* _ABOUT THIS TASK_
Using the records below, write out only the lines from the line containing "2026年1月22日,口腔医" up to and including the line containing "музыкальной гостиной музея.", exactly, with no pictures.

* _DATA SHOWN_
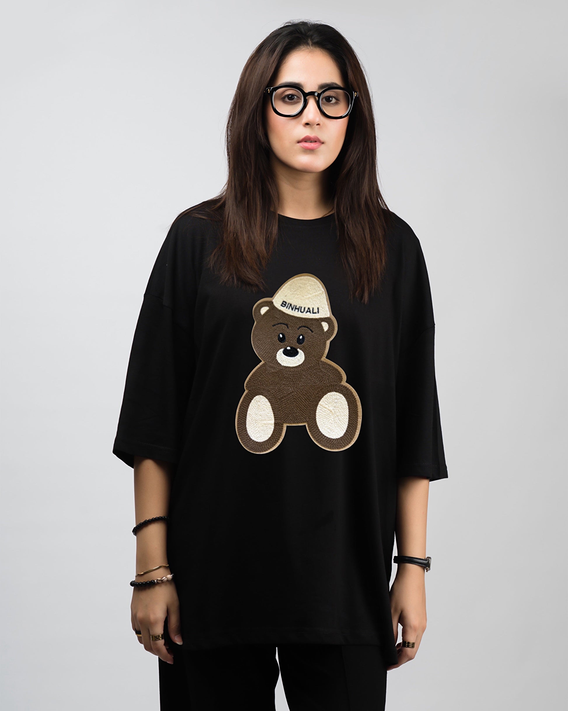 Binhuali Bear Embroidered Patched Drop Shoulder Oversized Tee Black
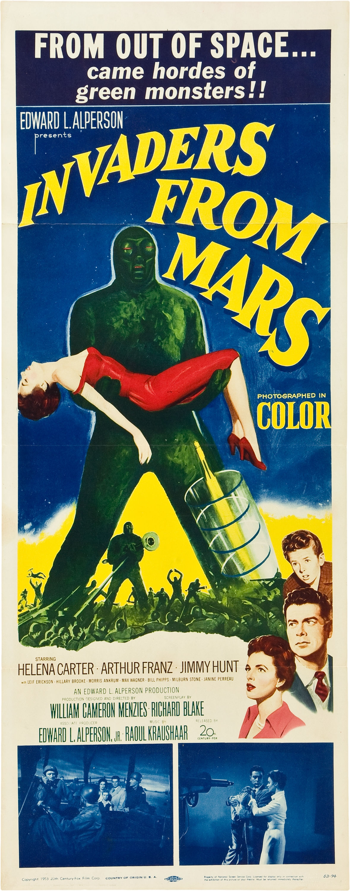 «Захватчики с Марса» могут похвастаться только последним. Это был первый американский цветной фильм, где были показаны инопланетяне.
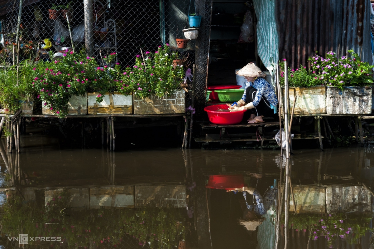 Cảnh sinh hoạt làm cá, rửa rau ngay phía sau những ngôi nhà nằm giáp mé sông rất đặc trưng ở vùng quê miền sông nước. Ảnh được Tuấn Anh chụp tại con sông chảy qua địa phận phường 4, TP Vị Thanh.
==
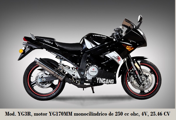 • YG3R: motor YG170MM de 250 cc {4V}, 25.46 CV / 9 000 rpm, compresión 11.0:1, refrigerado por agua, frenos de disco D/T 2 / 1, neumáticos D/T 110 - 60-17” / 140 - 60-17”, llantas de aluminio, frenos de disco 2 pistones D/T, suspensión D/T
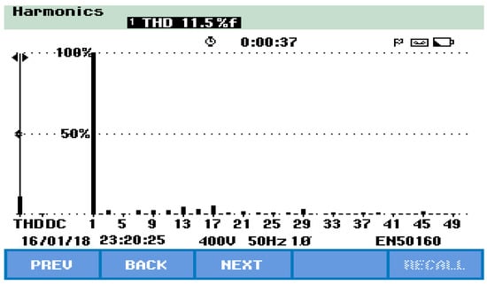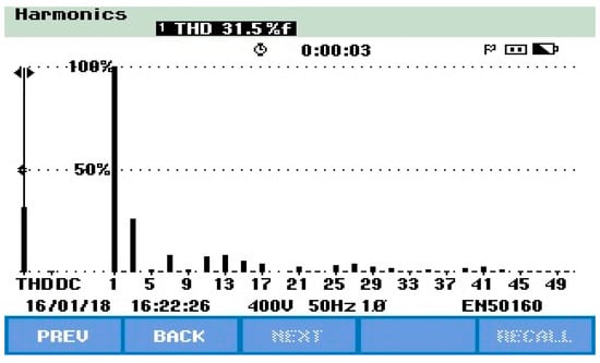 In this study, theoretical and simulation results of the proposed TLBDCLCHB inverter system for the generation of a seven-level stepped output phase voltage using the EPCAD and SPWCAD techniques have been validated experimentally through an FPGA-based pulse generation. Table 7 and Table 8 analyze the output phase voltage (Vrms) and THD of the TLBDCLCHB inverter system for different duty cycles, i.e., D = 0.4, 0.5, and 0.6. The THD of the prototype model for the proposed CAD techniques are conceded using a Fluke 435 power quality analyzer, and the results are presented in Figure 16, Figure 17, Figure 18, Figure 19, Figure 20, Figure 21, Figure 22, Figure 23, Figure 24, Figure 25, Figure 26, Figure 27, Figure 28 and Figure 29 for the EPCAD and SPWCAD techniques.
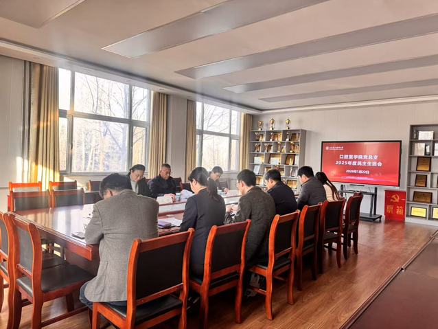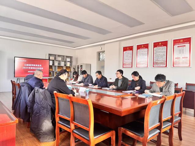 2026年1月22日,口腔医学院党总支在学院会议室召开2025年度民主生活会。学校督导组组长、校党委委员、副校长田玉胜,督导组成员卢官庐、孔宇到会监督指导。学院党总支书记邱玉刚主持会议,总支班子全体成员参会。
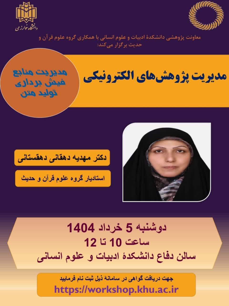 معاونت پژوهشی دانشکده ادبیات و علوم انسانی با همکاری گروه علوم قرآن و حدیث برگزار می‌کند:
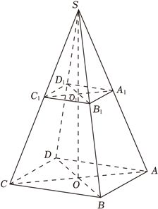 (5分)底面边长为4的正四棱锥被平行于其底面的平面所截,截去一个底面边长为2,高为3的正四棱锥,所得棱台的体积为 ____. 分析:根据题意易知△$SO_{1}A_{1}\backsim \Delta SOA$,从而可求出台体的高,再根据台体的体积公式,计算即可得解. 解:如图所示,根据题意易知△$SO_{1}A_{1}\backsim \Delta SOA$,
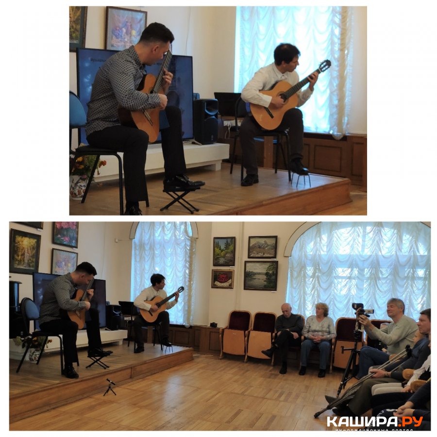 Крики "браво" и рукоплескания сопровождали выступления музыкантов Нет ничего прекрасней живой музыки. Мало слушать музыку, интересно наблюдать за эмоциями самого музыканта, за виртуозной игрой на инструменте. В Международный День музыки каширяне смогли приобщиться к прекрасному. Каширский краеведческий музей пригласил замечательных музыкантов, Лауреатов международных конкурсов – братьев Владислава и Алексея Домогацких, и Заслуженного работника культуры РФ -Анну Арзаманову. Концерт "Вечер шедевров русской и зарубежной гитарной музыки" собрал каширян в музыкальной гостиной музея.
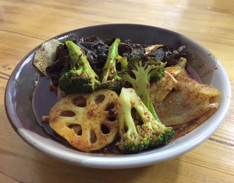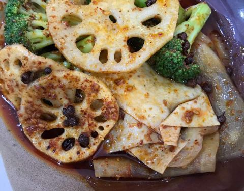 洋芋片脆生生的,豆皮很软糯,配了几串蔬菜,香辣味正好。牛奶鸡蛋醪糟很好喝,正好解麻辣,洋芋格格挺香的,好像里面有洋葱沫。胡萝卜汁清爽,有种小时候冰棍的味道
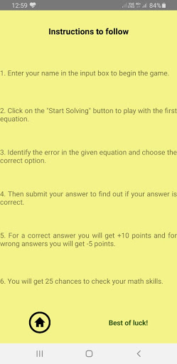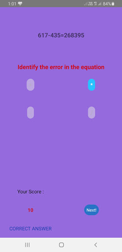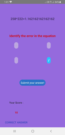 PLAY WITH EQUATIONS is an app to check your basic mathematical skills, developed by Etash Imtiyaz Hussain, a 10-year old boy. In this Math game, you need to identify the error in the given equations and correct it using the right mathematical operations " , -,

* _RESPONSE BOX_
 2026年1月22日,口腔医学院党总支在学院会议室召开2025年度民主生活会。学校督导组组长、校党委委员、副校长田玉胜,督导组成员卢官庐、孔宇到会监督指导。学院党总支书记邱玉刚主持会议,总支班子全体成员参会。
 معاونت پژوهشی دانشکده ادبیات و علوم انسانی با همکاری گروه علوم قرآن و حدیث برگزار می‌کند:
 (5分)底面边长为4的正四棱锥被平行于其底面的平面所截,截去一个底面边长为2,高为3的正四棱锥,所得棱台的体积为 ____. 分析:根据题意易知△$SO_{1}A_{1}\backsim \Delta SOA$,从而可求出台体的高,再根据台体的体积公式,计算即可得解. 解:如图所示,根据题意易知△$SO_{1}A_{1}\backsim \Delta SOA$,
 Крики "браво" и рукоплескания сопровождали выступления музыкантов Нет ничего прекрасней живой музыки. Мало слушать музыку, интересно наблюдать за эмоциями самого музыканта, за виртуозной игрой на инструменте. В Международный День музыки каширяне смогли приобщиться к прекрасному. Каширский краеведческий музей пригласил замечательных музыкантов, Лауреатов международных конкурсов – братьев Владислава и Алексея Домогацких, и Заслуженного работника культуры РФ -Анну Арзаманову. Концерт "Вечер шедевров русской и зарубежной гитарной музыки" собрал каширян в музыкальной гостиной музея.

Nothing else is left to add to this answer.